To determine whether miR-550a-5p can be encapsulated in endothelial exosomes and transferred into cardiomyocytes, we first performed a comprehensive characterization of HCMEC-derived exosomes. Transmission electron microscopy (TEM) revealed round or cup-shaped vesicles with a lipid bilayer membrane in all groups (N-Exo, H-Exo, H-NC-Exo, H-in-miR-Exo), consistent with the typical morphology of exosomes (Supplementary Figure S2A). Nanoparticle tracking analysis (NTA) showed that vesicle sizes ranged between 55 and 175 nm, with peak diameters around 100 nm, further confirming their exosomal nature (Supplementary Figure S2B). In addition, Western blotting confirmed the enrichment of exosomal markers TSG101, CD63, and HSP70 across all groups (Supplementary Figure S2C). These results validated the successful isolation of high-purity exosomes from HCMECs.

We next evaluated the levels of miR-550a-5p in exosomes derived from different conditions. qRT-PCR analysis revealed that H-Exo and H-NC-Exo contained significantly higher levels of miR-550a-5p compared with N-Exo, whereas H-in-miR-Exo (derived from HG-treated HCMECs transfected with miR-550a-5p inhibitor) showed markedly reduced miR-550a-5p expression (Figure 8A). To assess exosome uptake, Dil-labeled exosomes were co-cultured with AC16 cardiomyocytes. Red fluorescence signals were readily detected in AC16 cells treated with N-Exo, H-Exo, or H-NC-Exo, whereas the NG control showed minimal signal, confirming efficient internalization of exosomes by recipient cardiomyocytes (Figure 8B). Concordantly, qRT-PCR demonstrated that intracellular levels of miR-550a-5p were significantly elevated in AC16 cells after incubation with H-Exo and H-NC-Exo, but only slightly increased with N-Exo, while H-in-miR-Exo failed to induce miR-550a-5p upregulation (Figure 8C). Together, these findings indicate that HCMEC-derived exosomes act as carriers, transferring miR-550a-5p into cardiomyocytes.

Figure 8
Chart A shows a bar graph comparing the relative expression of hsa-miR-550a-5p across N-Exo, H-Exo, H+NC-Exo, and H+h-in-miR-Exo groups. Chart C depicts a bar graph comparing expression across NG, HG, H+N-Exo, H+H-Exo, H+H-NC-Exo, and H+H-in-miR-Exo groups. Chart B displays fluorescence microscopy images in different conditions (NG, HG, H+N-Exo, H+H-Exo, H+H-NC-Exo, H+H-in-miR-Exo) showing Dii stains in red and DAPI stains in blue, with merged images below each condition. Scale bars indicate 50 micrometers.

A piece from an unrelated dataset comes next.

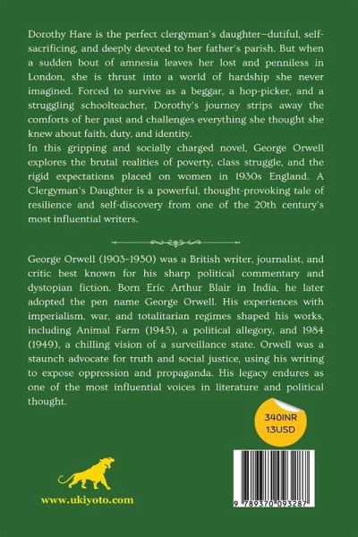 Dorothy Hare is the perfect clergyman's daughter-dutiful, self-sacrificing, and deeply devoted to her father's parish. But when a sudden bout of amnesia leaves her lost and penniless in London, she is thrust into a world of hardship she never imagined. Forced to survive as a beggar, a hop-picker, and a struggling schoolteacher, Dorothy's journey strips away the comforts of her past and challenges everything she thought she knew about faith, duty, and identity. In this gripping and socially charged novel, George Orwell explores the brutal realities of poverty, class struggle, and the rigid expectations placed on women in 1930s England. A Clergyman's Daughter is a powerful, thought-provoking tale of resilience and self-discovery from one of the 20th century's most influential writers.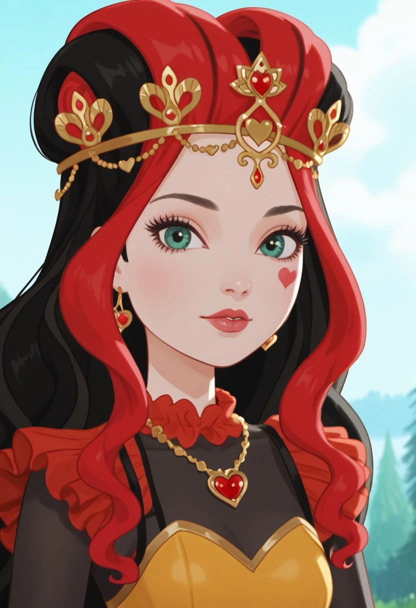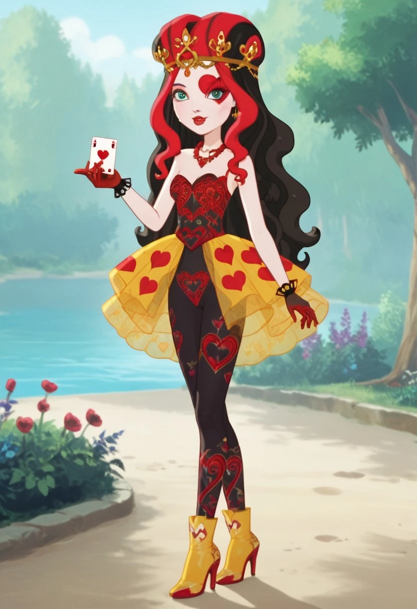 princess of hearts, wonderland, white skin, red heart mark on right eye, blue-green eyes, black hair with red highlights, yellow tiara, red and black gloves, red necklace, red, black and yellow clothes, black tights with heart, red, black and yellow shoes, holding playing cards

Figure 8. HCMEC-derived exosomes mediate the transfer of miR-550a-5p to AC16 cardiomyocytes. (A) qRT-PCR analysis of miR-550a-5p levels in exosomes from different HCMEC treatment groups. (B) Immunofluorescence showing Dil-labeled exosomes internalized by AC16 cells. Scale bar = 50 µm. (C) qRT-PCR analysis of miR-550a-5p expression in AC16 cells after exosome co-culture. Data are presented as mean ± SD from three independent experiments (n = 3). ***P < 0.001 compared with the indicated control group.

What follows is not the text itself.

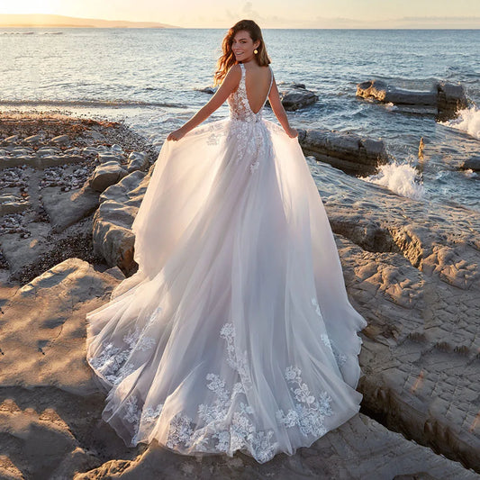 Vestidos de novia sexys con escote en V profundo, mangas cortas, espalda descubierta, elegantes apliques de encaje de tul, corte A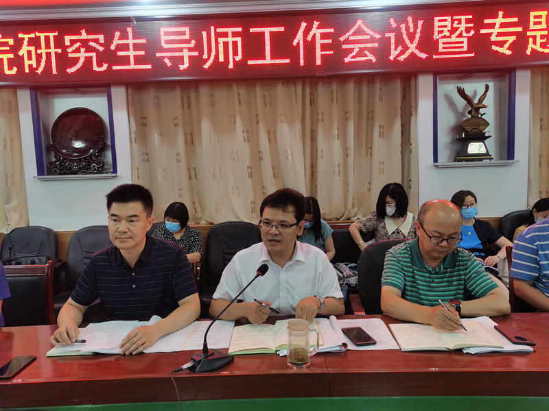 何文广副院长首先传达了《完美体育(中国)官方网站研究生存在问题学位论文处理办法》《处理学术不端行为实施细则》《研究生导师资格审定和考核办法》和《研究生导师双向选择暂行规定》等文件。张奎明副院长接着传达了《研究生学位论文检测实施办法》和《硕士学位论文预答辩与盲审办法》。徐瑞副院长传达了《研究生组会暂行办法》和《学生申诉管理规定》。徐庆海副书记传达了《完美体育(中国)官方网站关于问题论文处理决定》和《完美体育(中国)官方网站全面落实研究生导师立德树人职责实施细则》。

We further explored the functional impact of exosomal miR-550a-5p on AC16 cardiomyocytes. Cell viability assays (CCK-8) revealed that HG-treated AC16 cells exhibited a significant decline in viability compared with NG controls. Co-culture with H-Exo or H-NC-Exo further aggravated this impairment, whereas N-Exo partially alleviated the effect. Strikingly, H-in-miR-Exo significantly restored cell viability, indicating that depletion of miR-550a-5p in exosomes mitigates HG-induced injury (Figure 9A).

Figure 9
Panel A shows a bar graph of cell viability percentages across different treatments, with significant annotations indicated. Panel B displays TUNEL staining images of cells following different treatments, with a graph of apoptosis rates. Panel C includes Western blot images of protein expression (cleaved caspase-3, Bax, Bcl-2, and GAPDH) and a corresponding bar graph of relative protein expression. Panel D presents a bar graph of LDH levels. Panel E shows fluorescence images of ROS levels with a bar graph of ROS quantification. Panel F includes bar graphs of MDA and T-SOD levels, with significant differences indicated.

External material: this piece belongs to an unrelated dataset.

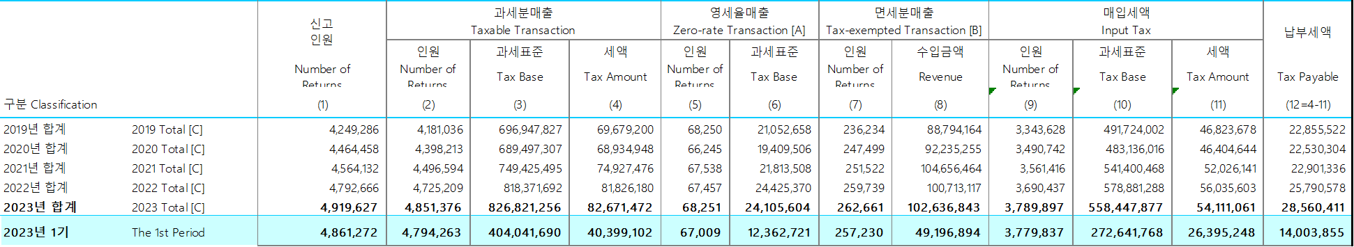 이번에는 통계시리즈, 2023년 부가세 납부현황에 대해서 살펴보고자 합니다

Figure 9. Exosomal miR-550a-5p exacerbates myocardial injury under hyperglycemic conditions. (A) CCK-8 assay of AC16 cell viability. (B) TUNEL staining showing apoptotic nuclei in AC16 cells. Scale bar = 50 µm. (C) Western blot analysis of apoptosis-related proteins (Cleaved Caspase-3, Bax, Bcl-2). (D) LDH release levels in culture supernatants. (E) ROS levels in AC16 cells. Scale bar = 50 µm. (F) Oxidative stress markers: MDA concentration and SOD activity. Data are presented as mean ± SD from three independent experiments (n = 3). **P < 0.001 vs. NG; ##P < 0.001 vs. HG; &&P < 0.001 vs. H + H-NC-Exo.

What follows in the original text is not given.